だが実際には、第二次アヘン戦争のため日本に派遣できる艦船は一隻もなく、オールコックは虚勢を張っているだけだった。数々の言動は攘夷を誘発し、文久元(1861)年7月5日にはイギリス公使館襲撃事件が起きる。日本人の反感にようやく気付いたオールコックは英国に帰る。

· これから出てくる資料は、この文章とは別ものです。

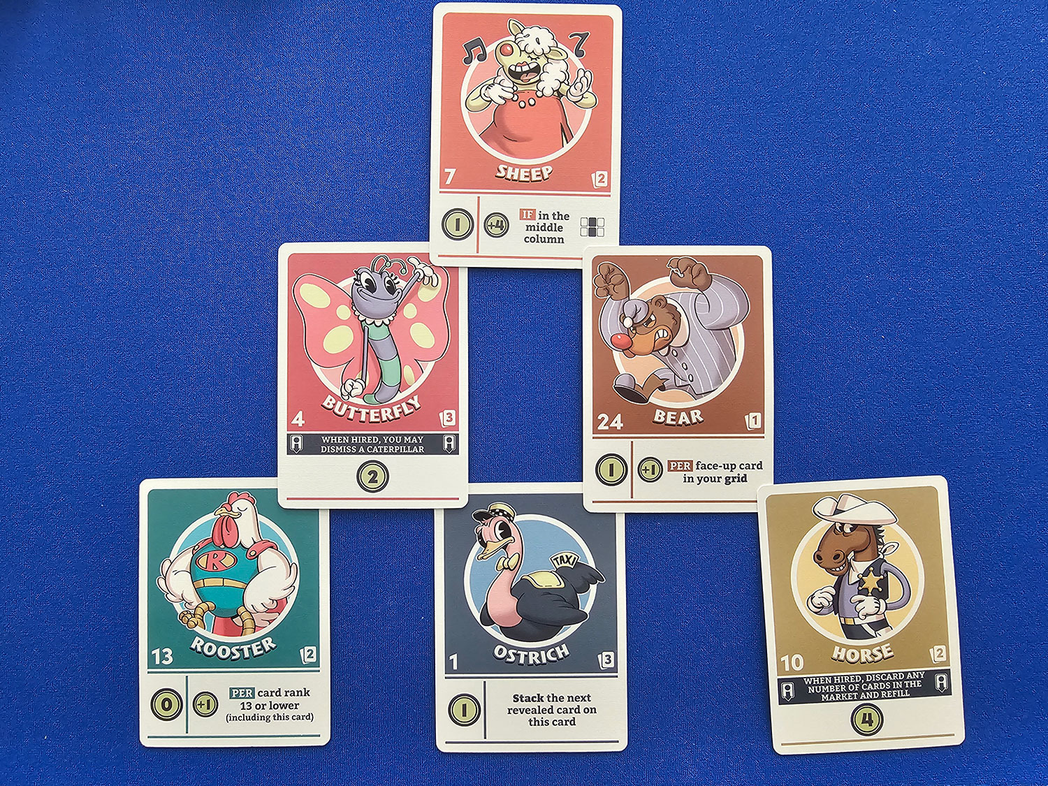 Every spherical, gamers will deal out playing cards from their deck to type a 3×2 grid in entrance of them. (Some playing cards will modify this association barely; extra on that later.) Gamers don’t have any management over the order the playing cards come out, however the order is necessary because it impacts the worth of the playing cards usually.
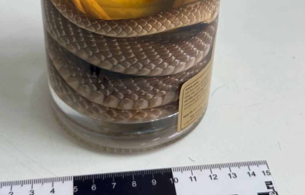 Заспиртованную змею женщина привезла из Вьетнама. Этот вид подпадает под действие Конвенции о международной торговле видами дикой фауны и флоры, находящимися под угрозой исчезновения, то есть для его ввоза нужны специальные сертификаты. Женщине грозит штраф и конфискация напитка, сообщает официальный Telegram-канал Федеральной таможенной службы России.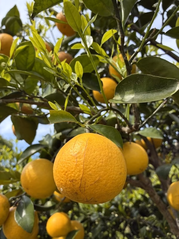 完熟になった日向夏を収穫しました。 日向夏は通常、収穫後しばらく寝かせてから出荷されることが多い柑橘ですが、 採れたてのものも甘酸っぱく爽やかな味わいで美味しくお召し上がりいただけます。 皮を薄くむき、白い綿の部分ごと食べるのが特徴で、はちみつやジャムと合わせるとより一層美味しくなります。 サラダのトッピングとしてもおすすめです。 当園の日向夏は、農薬の使用を夏に一度(カミキリムシ対策として幹に使用)のみに抑えて栽培しています。大きさは不揃いで、傷があるものも含まれますが、皮をむけば問題なく美味しくお召し上がりいただけます。 耕作放棄地を引き継ぎ、苗から大切に育ててきました。 自然豊かな鹿児島県枕崎市でのびのびと育った、みずみずしい日向夏をぜひご賞味ください。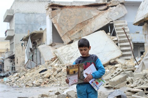 | Un enfant porte des manuels distribués par des volontaires de l’UNICEF à la suite d’une séance d’information sur les engins non explosés à Alep, en Syrie. |

後任のニール中佐も威圧的態度を続け、文久2年8月21日に薩摩藩の行列を横切ろうとしたイギリス人を殺傷した生麦事件へ。文久3年3月、英国艦隊が到着し幕府から10万ポンドの賠償金を得る。そのまま宴会を催しつつ艦隊は薩摩へ向かう。
琉球との密貿易でいち早く英国艦隊を警戒していた薩摩藩は軍備増強を計っており、自力開発の大砲を含む85門で鹿児島湾は一大要塞と化していた。事前交渉で英国が島津久光の首を要求していると誤解した薩摩は、文久3(1863)年7月2日正午、英国艦隊へ先制攻撃。不意を突かれた英国艦隊は動揺。だがやがて反撃に転じて城下を焼き払う。しかし旗艦ユーリアラス号艦長・副長が戦死し、3日後に撤退。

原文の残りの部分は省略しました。